Solved Where are the logs of FTPd?

[joancatala]

Hi all,
I have installed and configured the ftpd correctly. It starts on rc.conf like this:

ftpd_enable="YES"

Everything works fine, the chroot of my users, etc.
After installation, I read that /etc/syslog.conf reads about services and create its logs. I have this:

ftp.info                                        /var/log/xferlog

But when I try to see my FTPd logs, there are random (and old) logs:

[joan@benicassim /var/log]$ doas tail -f /var/log/xferlog
Password:
Apr 22 21:23:45 benicassim ftpd[45521]: control setsockopt (TCP_NODELAY): Connection reset by peer
Apr 23 18:28:56 benicassim ftpd[850]: accept: Software caused connection abort
May 20 13:44:20 benicassim ftpd[22884]: control setsockopt (TCP_NODELAY): Connection reset by peer
May 24 10:44:13 benicassim ftpd[14388]: control setsockopt (TCP_NODELAY): Connection reset by peer
May 26 14:36:21 benicassim ftpd[853]: accept: Software caused connection abort
Jun 24 07:09:11 benicassim ftpd[4070]: control setsockopt (TCP_NODELAY): Connection reset by peer
Jul  7 11:54:13 benicassim ftpd[853]: accept: Software caused connection abort
Jul  7 21:05:43 benicassim ftpd[20769]: repeated login failures from 185-157-162-19.pool.ovpn.com
Jul 18 18:47:27 benicassim ftpd[14829]: control setsockopt (TCP_NODELAY): Connection reset by peer
Jul 18 20:12:39 benicassim ftpd[851]: accept: Software caused connection abort

How can I have normal logs like "Users logging in FTP, Users login out from FTP, Users uploading some file, etc"?
Is there a way to control whats happening on the FTP server?

 

[SirDice]

I have installed and configured the ftpd correctly.

Which one did you use? There are a number you can choose from and not all of them are configured the same.

 

[joancatala]

Hi SirDice, I didn't install any port. I'm using ftpd from base system.

 

[SirDice]

Ok, that's cool. Then we know where to look

How can I have normal logs like "Users logging in FTP, Users login out from FTP, Users uploading some file, etc"?

If I'm not mistaken logging in or out is logged in /var/log/auth.log, transfers should show up in /var/log/xferlog.
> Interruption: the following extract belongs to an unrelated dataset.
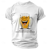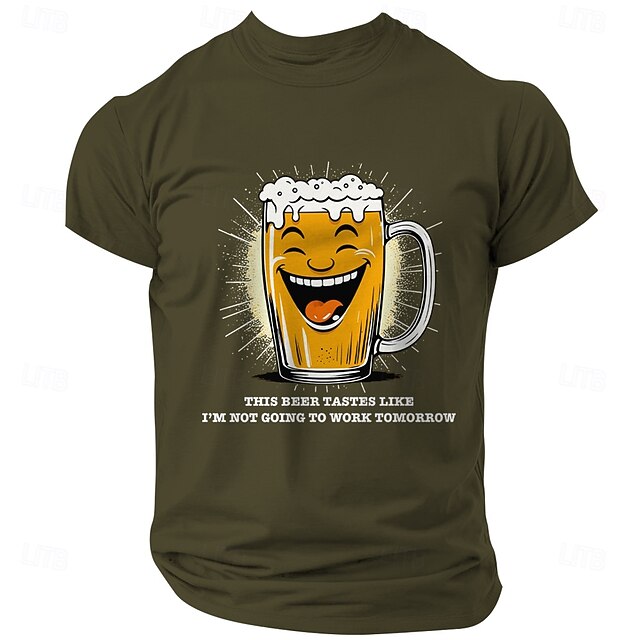 : The focal point of this T-shirt is its humorous print, showcasing a smiling beer mug and a witty slogan, "This beer tastes like I'm not going to work tomorrow." This playful design element makes it an ideal choice for those with a lighthearted sense of style.

Is there a way to control whats happening on the FTP server?

Define "control"? What do you want to control?

 

[joancatala]

I did tail -f /var/log/auth.log and I can see new access if I do SSH, but there is no log entries when I access using FTP.

I attatch an screenshot. I log in on FTP with the user "santi", and there is any log below the screenshot.

When I said control, I mean "to see". Sorry for my poor English

 

[SirDice]

It's been a while since I last used it. I would actually recommend using sftp(1) instead, FTP is not really secure (logins are plain-text) and FTP itself is notoriously tricky to firewall.

That said, for ftpd(8) I think you might need this option:

     -l      Each successful and failed ftp(1) session is logged using syslog
             with a facility of LOG_FTP.  If this option is specified twice,
             the retrieve (get), store (put), append, delete, make directory,
             remove directory and rename operations and their filename
             arguments are also logged.  By default, syslogd(8) logs these to
             /var/log/xferlog.

You can add it to rc.conf:

ftpd_flags="-l"

 

[joancatala]

Yeah! It worked like a charm ;-)

After adding ftpd_flags="-l" on rc.conf every access and event from the FTP server is clear on the logs /var/log/xferlog

Thanks very much SirDice

 

[Reaperzx]

I recommend running vsftpd instead, It is much better configurable.